• _What the exercise asks_
From the line that holds "The image captures" to the end of the records, reproduce every line exactly. No pictures.

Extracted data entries
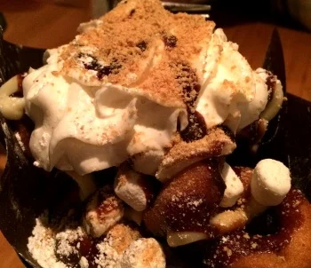 S’mores (pictured above) - vanilla glaze and chocolate sauce, topped with whipped cream, crumbled graham cracker and marshmallows.
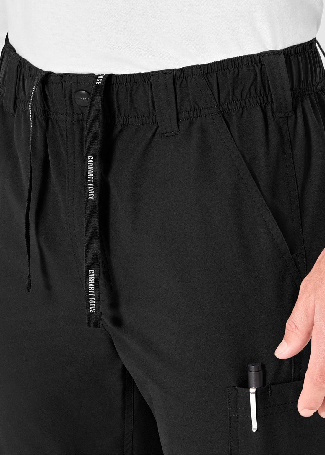 Be smart and feel great in Core by Carhartt Men's Straight Leg Scrub Short Pant. With a full elastic waistband with internal drawstring and Carhartt Force branded drawstring for comfort, functional zipper fly and snap button closure, get enhanced performance. With two front slash pockets, one triple cargo pocket with top accessory pocket and pen tack at wearer's right, one cargo pocket at wearer's left, and two back pockets, you get safe and secure storage.
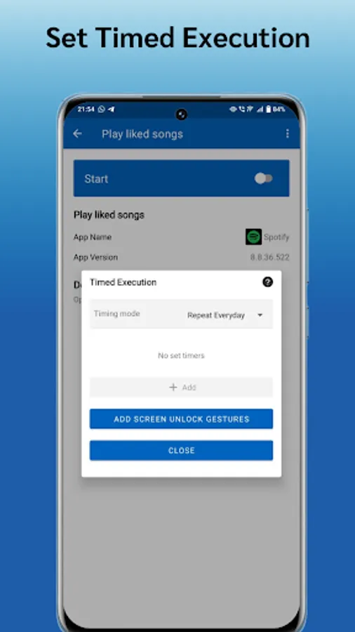 - Timed Execution : Take control of your schedule with timed execution. Our app allows you to set specific timings for automation. Whether you need a series of actions to be executed at a particular time or want to automate tasks at regular intervals, the timed execution feature has got you covered. You can even play an automation while your phone is locked!
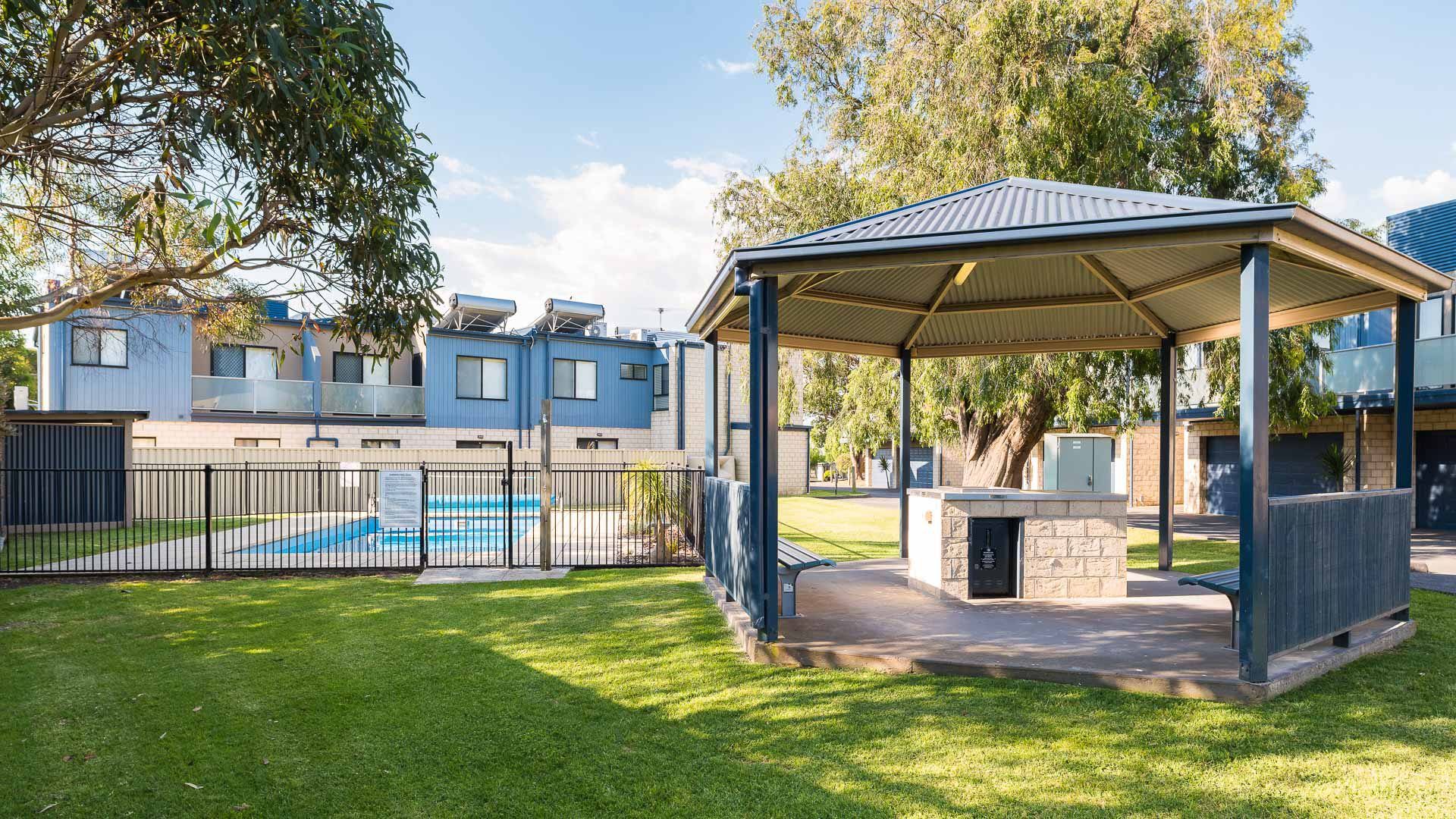 The home has both a Balcony on the first floor as well as an enclosed rear courtyard. The double Garage (with internal access into the home) provides space for 2 cars. The shared facilities available include a solar-heated in-ground pool and shady BBQ area, plus some additional communal parking spots available on a first-come, first-served basis.
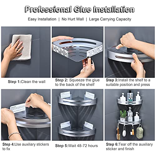 - سهل التركيب: يمكن تركيب رف الحائط للحمام بمادة لاصقة احترافية بدون ثقب، مما لا يتلف الجدار. يمكن لأي شخص تركيبه بسهولة. بعد التركيب المناسب، يمكنه حمل 10 كغم. (بعض الجدران غير مناسبة للتركيب بدون ثقب، يرجى اختيار تركيب الثقب).
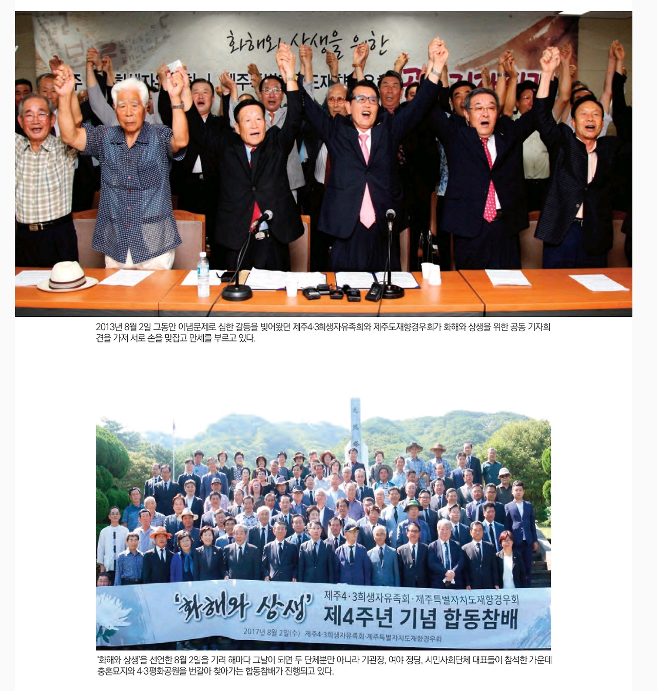 지난 2013년 그동안 이념 문제로 갈등과 반목을 겪어왔던 제주 4.3 희생자 유족회와 제주도 재향경우회가 4.3 사건 발발 65년 만에 화해와 상생을 자리를 만들었듯이,
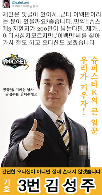 김성주는 18일 오후 자신의 트위터를 통해 “슈퍼스타K3 지원자수가 200만 명을 넘긴다면, 이백만이라는 이름을 가진 분 앞에서 절도 하고 오디션을 보겠다”고 선언했다.
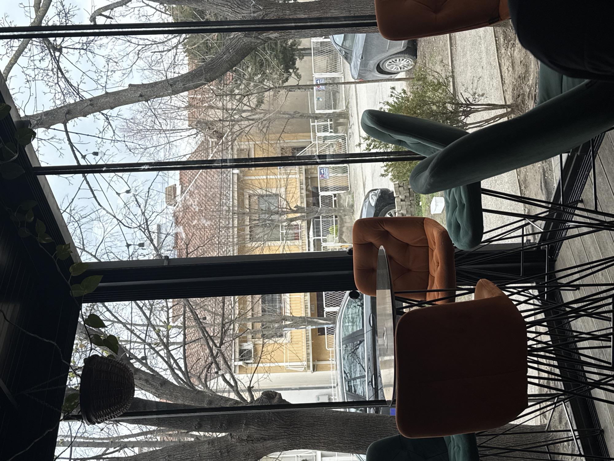 The image captures an interior view from a cafe or similar establishment, looking out through a large glass window onto a street scene in Kumanovo, North Macedonia. Inside, in the immediate foreground, three high-top chairs with distinctive black geometric wire bases are visible: two upholstered in rust-orange and one in dark teal. A round, dark-surfaced high-top table stands between the orange chairs. The overhead structure is dark, from which string lights and green leafy vines are suspended. A dark brown woven hanging basket hangs from the ceiling. The floor consists of light-colored wooden planks. A partial view of a dark garment is visible in the lower right, indicating the presence of an individual out of frame. The exterior scene reveals a street with residential buildings and parked vehicles under an overcast sky, suggesting a cooler season due to the bare branches of numerous deciduous trees. Across the street, a two-story building with a yellow facade, multiple white balconies, and a red tiled roof is prominent. In front of this building, a white metal fence with repeating square patterns and several small, white signs (details unreadable) lines the pavement. A dark-colored sedan is parked on the street to the left, and a grey sedan is visible further down the street to the right. Small green bushes grow near the ground level immediately outside the window.
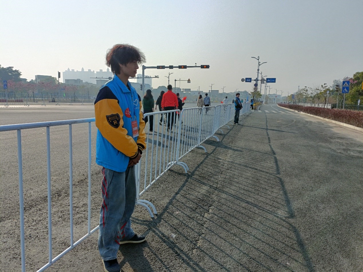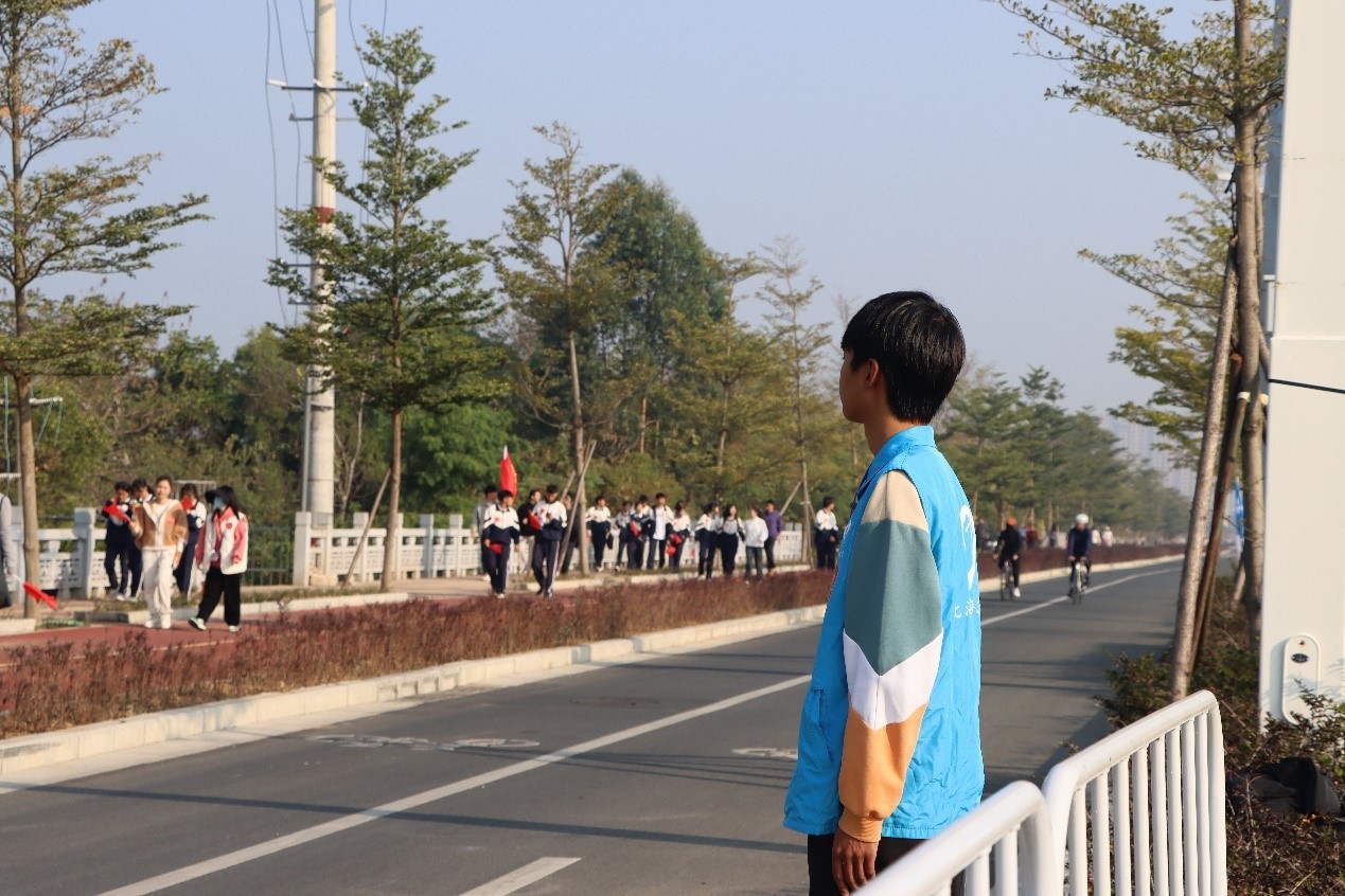 活动当天,志愿者们身着整齐醒目的蓝马甲,精神抖擞地奔赴各自岗位做赛前工作准备,温暖绚丽的光芒、秀丽的风光、志愿者们热情忙碌的场景瞬间定格,呈现出一幅绘有“热情、温暖、绿色、活力、责任”的唯美画卷。

• _Written response_
 The image captures an interior view from a cafe or similar establishment, looking out through a large glass window onto a street scene in Kumanovo, North Macedonia. Inside, in the immediate foreground, three high-top chairs with distinctive black geometric wire bases are visible: two upholstered in rust-orange and one in dark teal. A round, dark-surfaced high-top table stands between the orange chairs. The overhead structure is dark, from which string lights and green leafy vines are suspended. A dark brown woven hanging basket hangs from the ceiling. The floor consists of light-colored wooden planks. A partial view of a dark garment is visible in the lower right, indicating the presence of an individual out of frame. The exterior scene reveals a street with residential buildings and parked vehicles under an overcast sky, suggesting a cooler season due to the bare branches of numerous deciduous trees. Across the street, a two-story building with a yellow facade, multiple white balconies, and a red tiled roof is prominent. In front of this building, a white metal fence with repeating square patterns and several small, white signs (details unreadable) lines the pavement. A dark-colored sedan is parked on the street to the left, and a grey sedan is visible further down the street to the right. Small green bushes grow near the ground level immediately outside the window.
 活动当天,志愿者们身着整齐醒目的蓝马甲,精神抖擞地奔赴各自岗位做赛前工作准备,温暖绚丽的光芒、秀丽的风光、志愿者们热情忙碌的场景瞬间定格,呈现出一幅绘有“热情、温暖、绿色、活力、责任”的唯美画卷。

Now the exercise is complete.